Jerusalén es una de las ciudades más sorprendentes que existen en el planeta Tierra.
No sé, tiene algo especial, una vibración que no puedo describir con palabras.
Es esa mezcla de cultos; ese montón de personajes que pululan por sus calles; ese aroma a especias, inciensos y flores; esa huella que el tiempo no borra, pese a que el hombre la haya intentado destruir en nombre de cualquier dios omnipotente.

Cada vez que visito Jerusalén, mi corazón se eleva, respiro el aire especiado de la ciudad, impregno mis pulmones, y me lleno de vitalidad y me impulso a volar y perseguir a los santos y los profetas para hacerles mil preguntas.

Para el que no me conozca mucho, le cuento que no soy una persona religiosa.
Aunque mi educación fue católica, en colegios de monjas de los de antes, o tal vez por eso, soy bastante agnóstica, atea, o mejor dicho, casi politea, si es que existe esa palabra.

Eso no evita que sea bastante espiritual, y que mis células sean capaces de reconocer un lugar santo, ya sea una pequeña iglesia templaria como, por ejemplo, la de la de Enate en Navarra; la magia cautivadora de la pirámide maya de Cobá, En Méjico,
O la grandeza de la explanada del castillo de Sagres, en la punta del cabo de San Vicente, En Portugal.

Pero lo de Jerusalén me supera: ahí huele a magia, a santidad, a cosa esotérica por los cuatro costados.

Quizá cada vez que voy a Jerusalén, me dejo llevar por la historia, por las novelas y mis lecturas, y es entrar por la avenida Golda Meir y mi estado de ánimo cambia, ¡y ahí puede suceder cualquier cosa!

Creo que el ser ciega en este aspecto juega a mi favor: no me dejo llevar por las grandes construcciones, ni por las manipulaciones religiosas. A ese respecto, bien se han encargado los fanáticos, cada uno a su manera, de dejar en Jerusalén su sello indeleble tratando de que lo suyo sea mucho más que lo del vecino de al lado.
Llama la atención cómo judíos, árabes y cristianos en todas sus variedades se han ido posicionando en cada parcelita de la pobre Jerusalén, destruida y construida pedazo a pedazo.

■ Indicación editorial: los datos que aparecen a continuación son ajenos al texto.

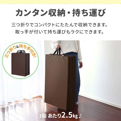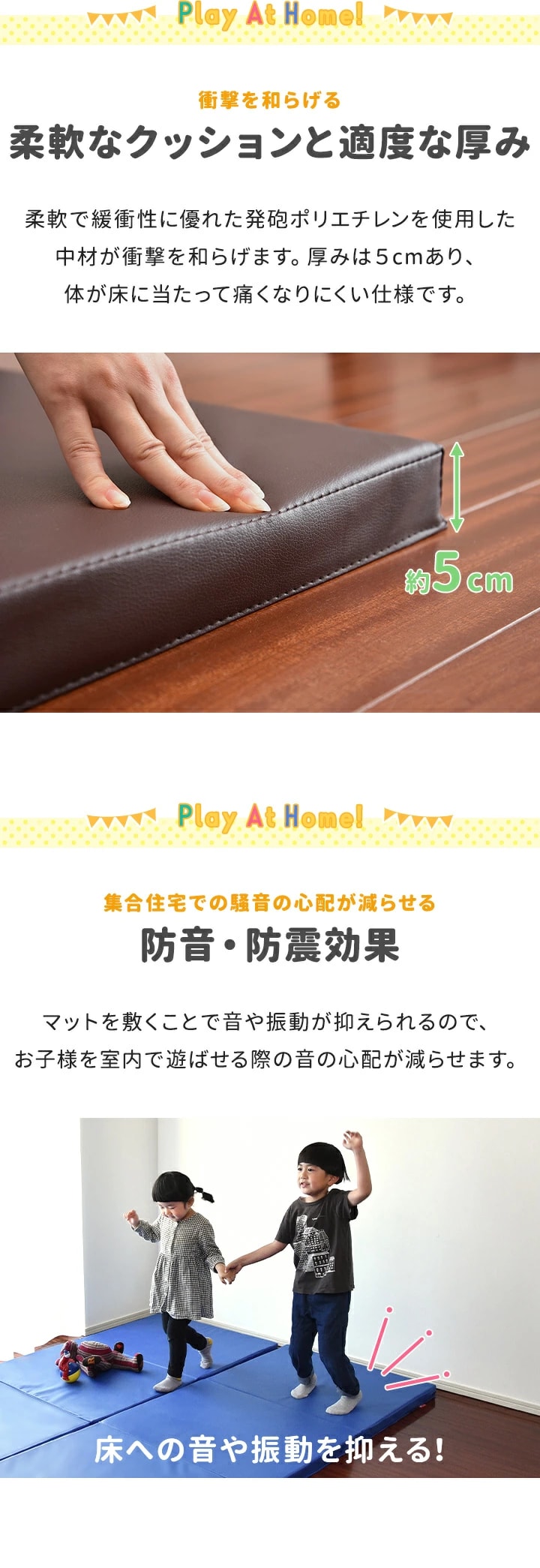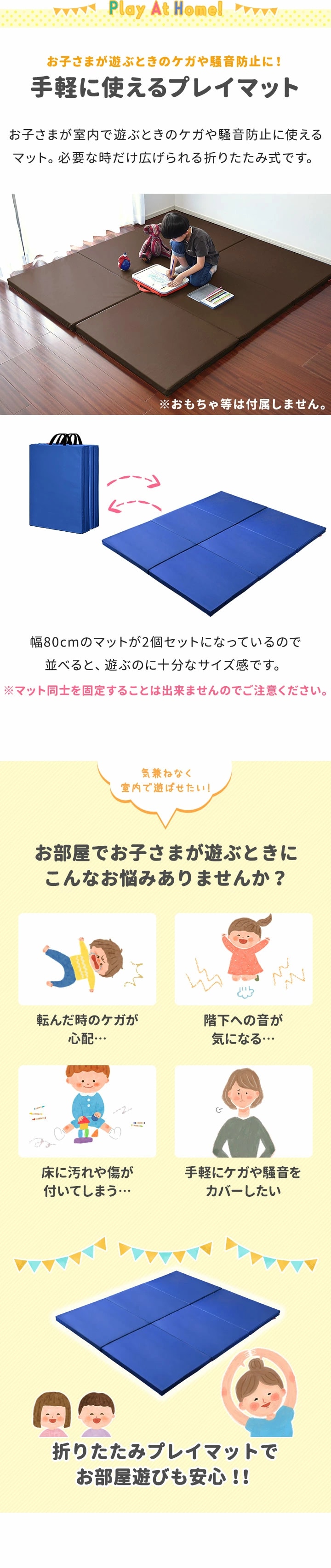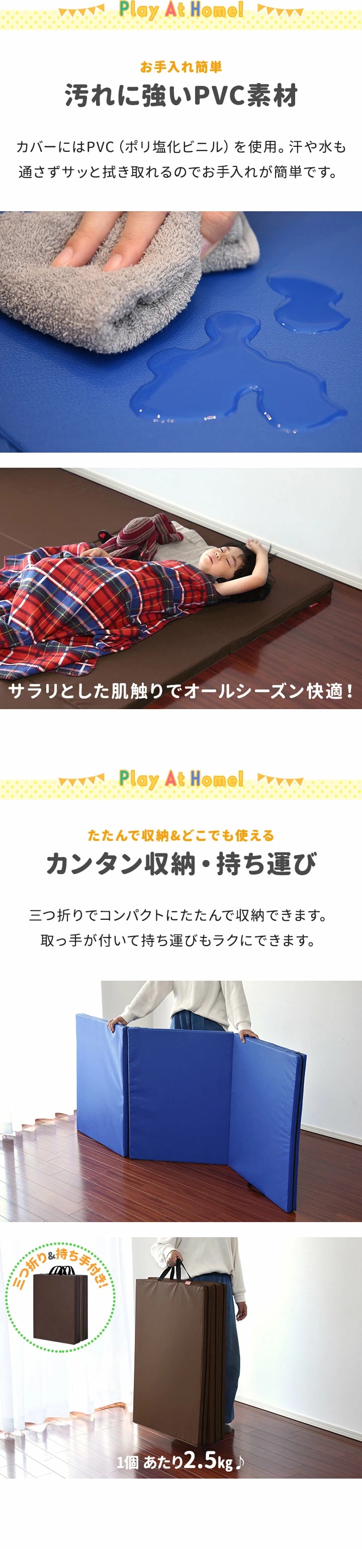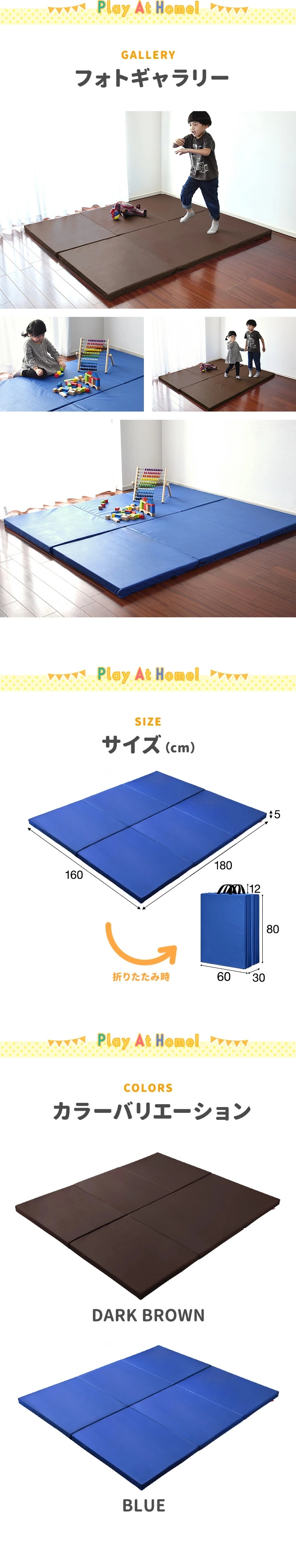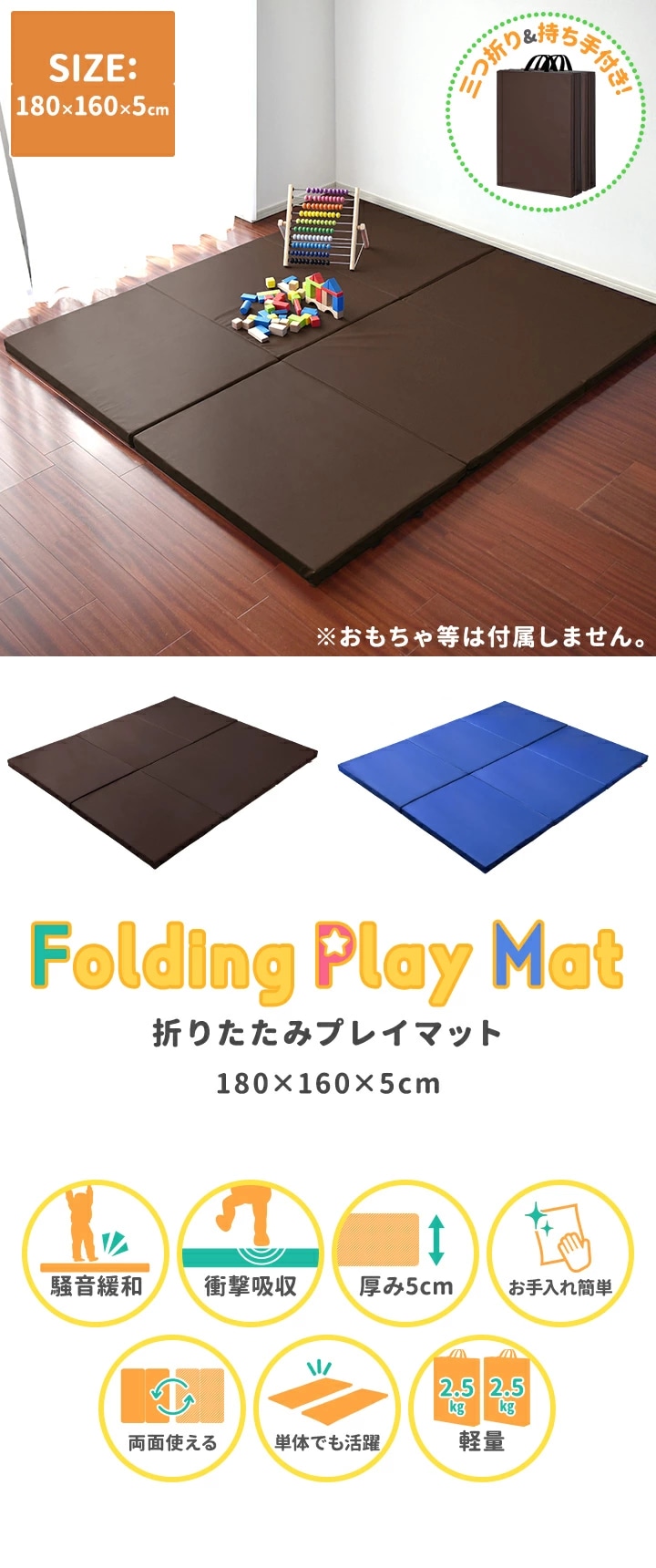 折りたたみプレイマット 大判 三つ折り (ダークブラウン) 180cm×160cm 厚さ5cm 厚手 ベビーマット プレイサークル クッションマット ベビー キッズ 送料無料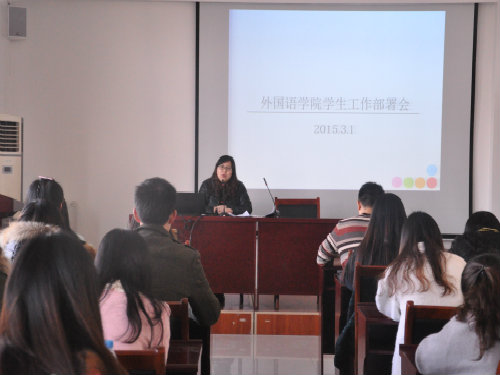 会上,吴鹏简要介绍会议流程后,对新学期学生返校统计、课前准备、卫生工作、请假制度及辅导员分时段办公等多个方面进行具体要求与指导,并就毕业班考研情况及实习安排进行讲解。接下来,曹晓媛针对学院具体实际情况,结合学校应用型人才培养要求,部署新学期学生工作。她首先对该院筹建的外国语言服务中心等重点建设项目及其发展规划进行简介,并就新学期将要开展的外语文化节、大型志愿服务活动、学生外出参观学习及校外人员来访等工作进行讲解,希望通过切实的实践机会来提高学生学以致用的能力及社会竞争力,以培养出全球化背景下的应用型外语人才。此外,她强调新学期的williamhill应主要放在加强优良学风建设和队伍建设上面。学生干部应提高工作效率,端正态度,注重工作细节,严于律己;以服务同学为己任,提高自身能力与自身素质,做好服务工作。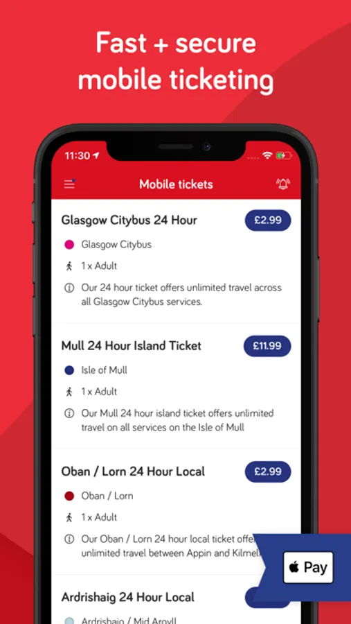 Mobile Tickets: Purchase mobile tickets securely with Apple Pay or a debit/credit card and show the driver when boarding - no more searching for cash!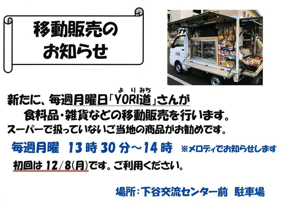 12/8から新たに移動販売「YORI道」さんが毎週月曜日13時30分から交流センター前に来てくれる事になりました。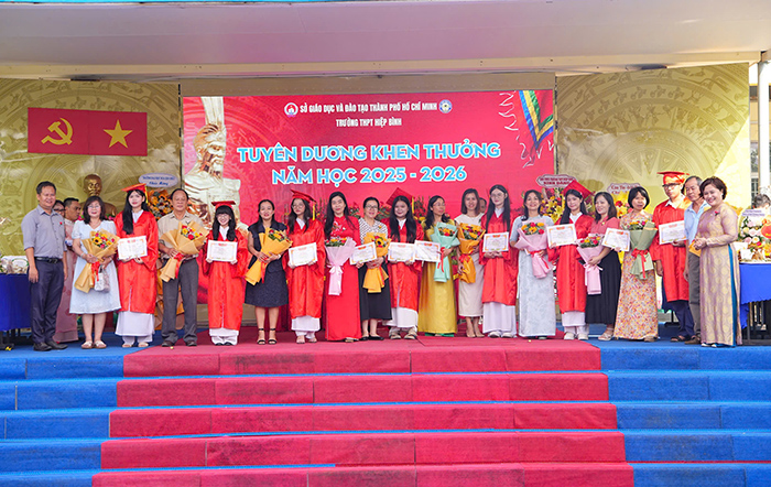 Trong Lễ Giỗ tổ, Trường THPT Hiệp Bình đã tuyên dương, khen thưởng nhiều giáo viên, học sinh đạt thành tích xuất sắc trong giảng dạy, học tập và hoạt động phong trào năm học 2025-2026. Đây chính là “lễ vật” lớn nhất mà thầy trò nhà trường dâng lên vua Hùng với lòng thành kính, biết ơn và lời hứa về sự nỗ lực, cố gắng để không ngừng nâng cao chất lượng giáo dục nhà trường. Điểm nhấn đặc biệt là hoạt động tuyên dương học sinh xuất sắc với sự tham gia của phụ huynh. Đây là cách làm giàu ý nghĩa giáo dục, gắn kết gia đình và nhà trường trong hành trình trưởng thành của học sinh.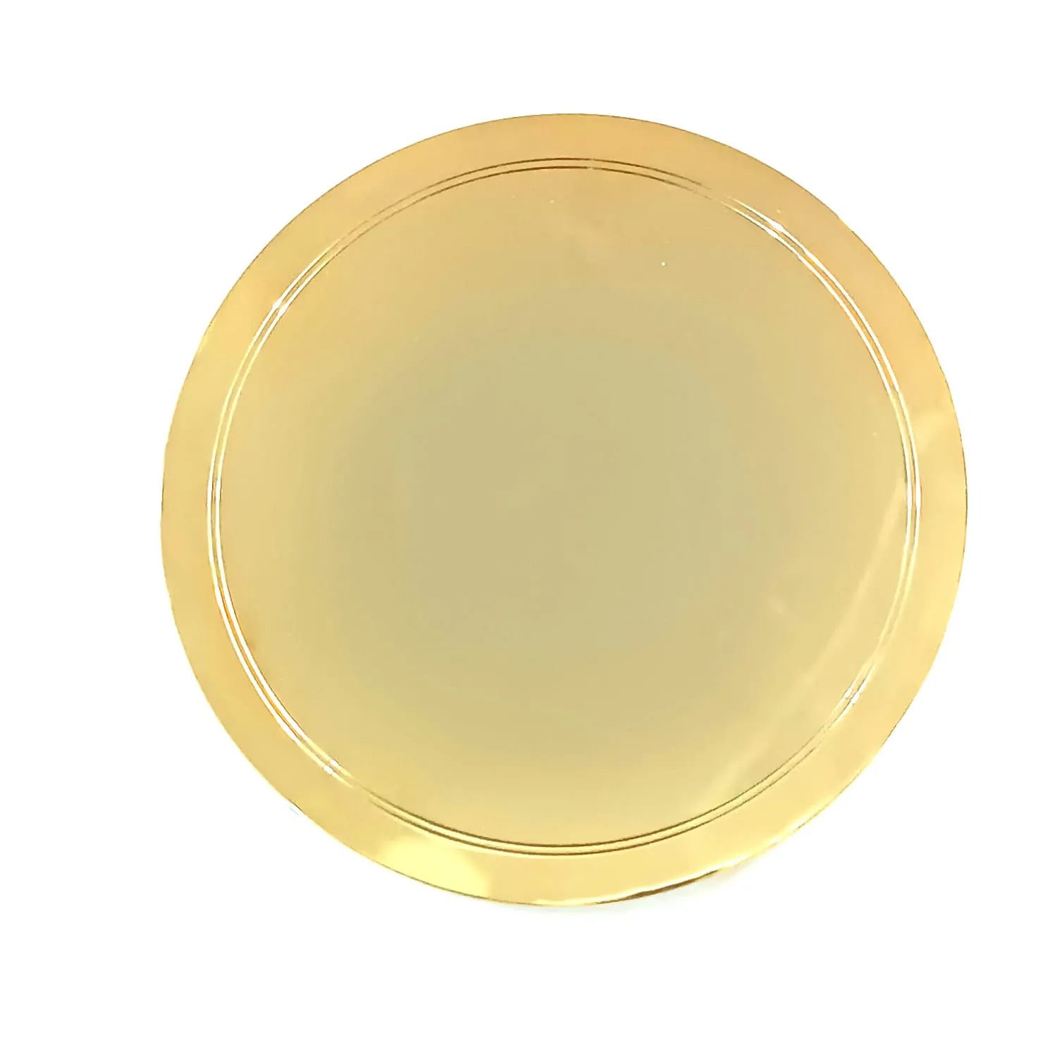 Patena em latão, banhada a ouro 18k. Levemente abaulada e com dois círculos na borda de fora.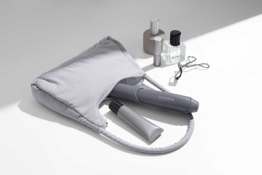SALONIAのコードレス ストレートヘアアイロンは、持ち運びに便利なコンパクトサイズが特徴です。バッテリーを取り外せる仕様なので、飛行機への持ち込みも可能です。モバイルバッテリー機能もあるため、スマホの充電切れ対策としても使えます。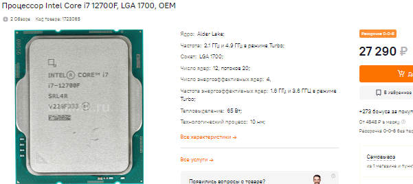Если вы не хотите переплачивать за материнскую плату и оперативную память и в целом рассчитываете на быструю, но недорогую систему с видеокартой до 40 тысяч рублей, то самое время присмотреться к Core i7-12700F. Этот процессор изначально лишён разгонного потенциала, поэтому будет оставаться холодным в любых ситуациях. Высокая тактовая частота обеспечит достаточный для разрешения 2К уровень быстродействия, а сам Core i7-12700F не ударит лицом в грязь даже перед самыми сложными задачами.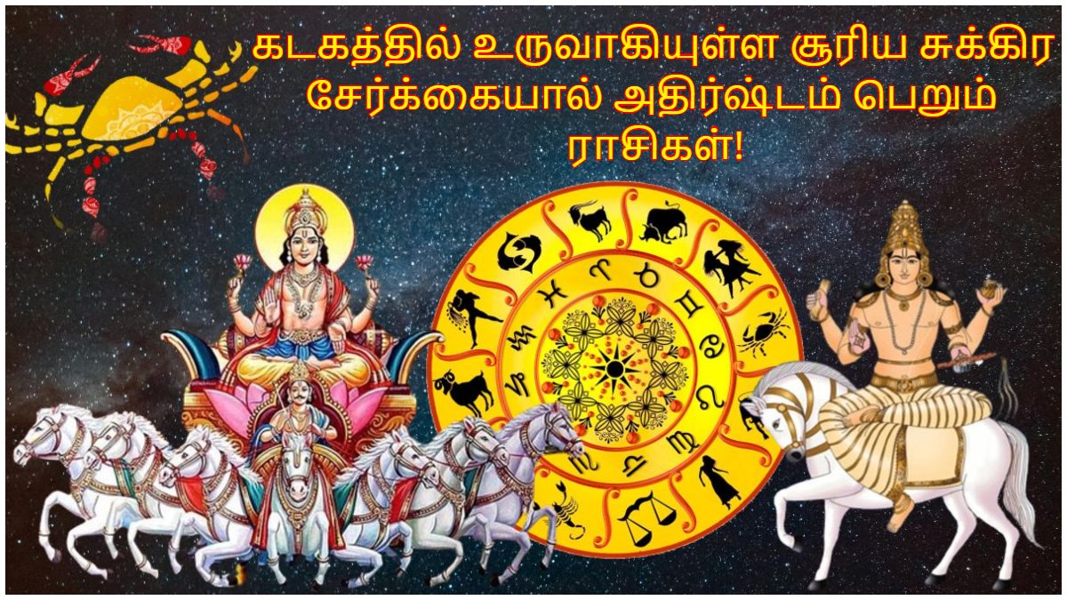 குறிப்பாக வெற்றிகள் மற்றும் செல்வம் குவியும். முக்கியமாக இந்த யோகம் ஜூலை 31 ஆம் தேதி வரை இருக்கும். அதன் பின் சுக்கிரன் சிம்ம ராசிக்குள் நுழைவார். இப்போது கடக ராசியில் உருவாகியுள்ள சூரிய சுக்கிர சேர்க்கையால் அதிர்ஷ்டம் பெறும் ராசிக்காரர்கள் யார்யார் என்பதைக் காண்போம்.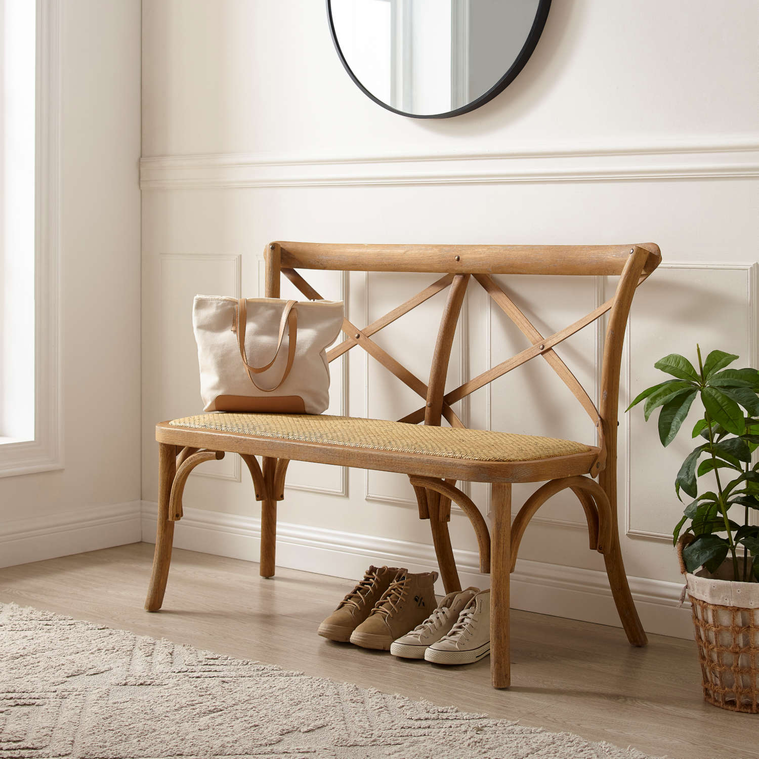 Linon Conelly Dining Bench in Brown Bentwood & Rattan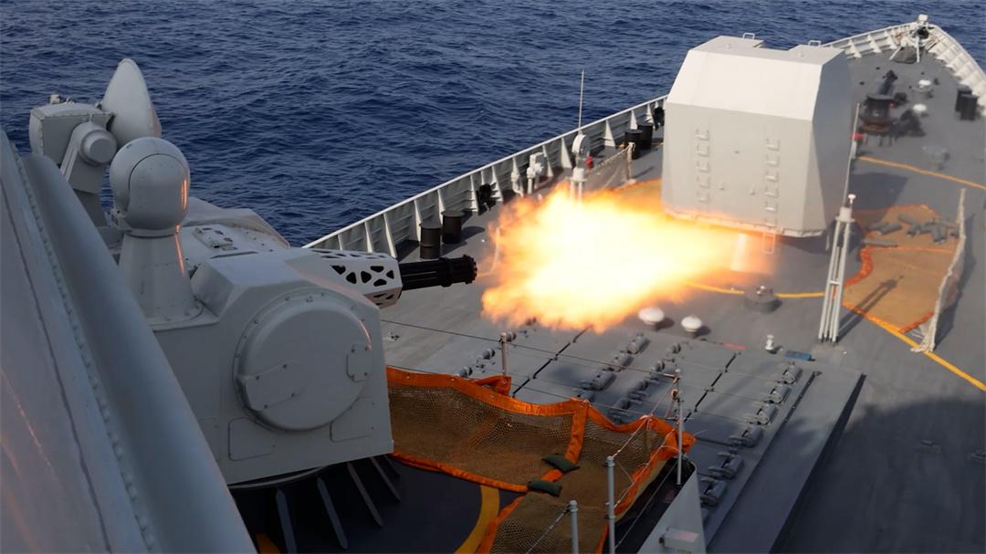 圖為包頭艦防空反導演練,副炮射擊。熊勤鑫 攝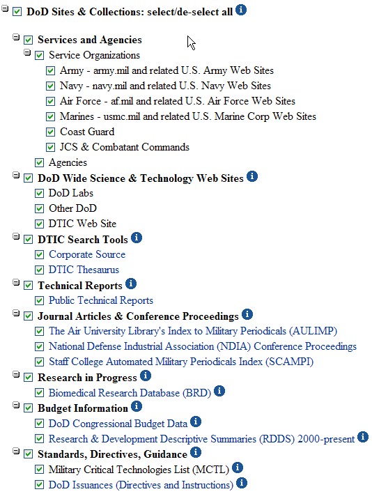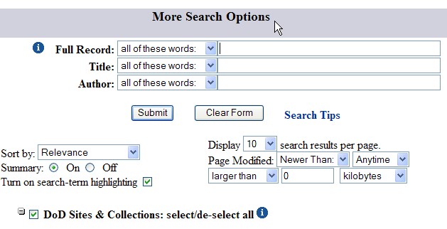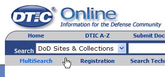 По умолчанию поиск производится по всем открытым сайтам и хранилищам документов Минобороны США ("DoD Sites & Collections") (рис. 6). Можно порыться в технических отчётах ("Technical Reports"), на самом сайте ("DTIC Web Site"), или воспользоваться опцией "MultiSearch". Лично я исходную область поиска не изменяю – пользуюсь "DoD Sites & Collections".
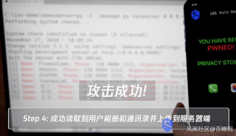 但是當測試者發起進攻後,可以看到蘋果的系統雖然説了“不”,但是該攻擊App仍然讀取到了相冊和通訊錄,並上傳到了攻擊者的服務器端。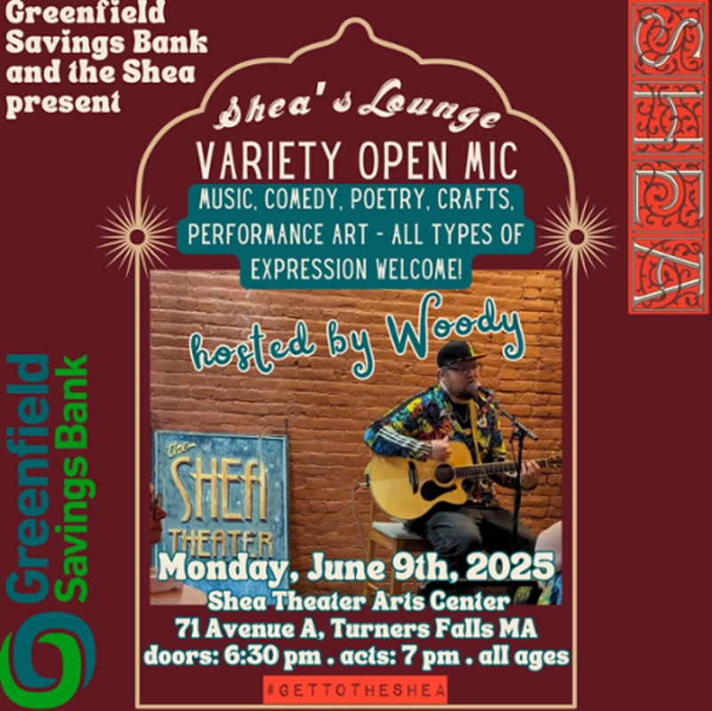 Join us on Monday for the Shea’s Lounge Variety Open Mic! This event is FREE, all ages, and is sponsored by the good people at Greenfield Savings Bank. Come show off your talents. Live paint! Read a poem! Sing a song! Juggle! Anything goes. Signups at 6:30, acts at 7!

Pero yo, cuando estoy en Jerusalén, siento el todo de esa ciudad. Sus miles de años se introducen en mi piel junto con su brisa divina, su historia, y sueño con mimetizarme entre esas piedras milenarias, y formar parte de ese todo.

Bien; a partir de aquí, quería post a post, ir contando mis diferentes sensaciones en muchos de los trocitos de Jerusalén, donde he sentido risas, rabia, amor, ganas de llorar, y por qué no decirlo, ¡Hasta miedo!

Mi amor por Jerusalén, por Israel, no habría sido posible sin la llegada a mi vida como un regalo en 1991, de Betty y Natalio,
que me enseñaron a amar esa hermosa tierra desde el respeto y el cariño.

¡A ver que sale de esto!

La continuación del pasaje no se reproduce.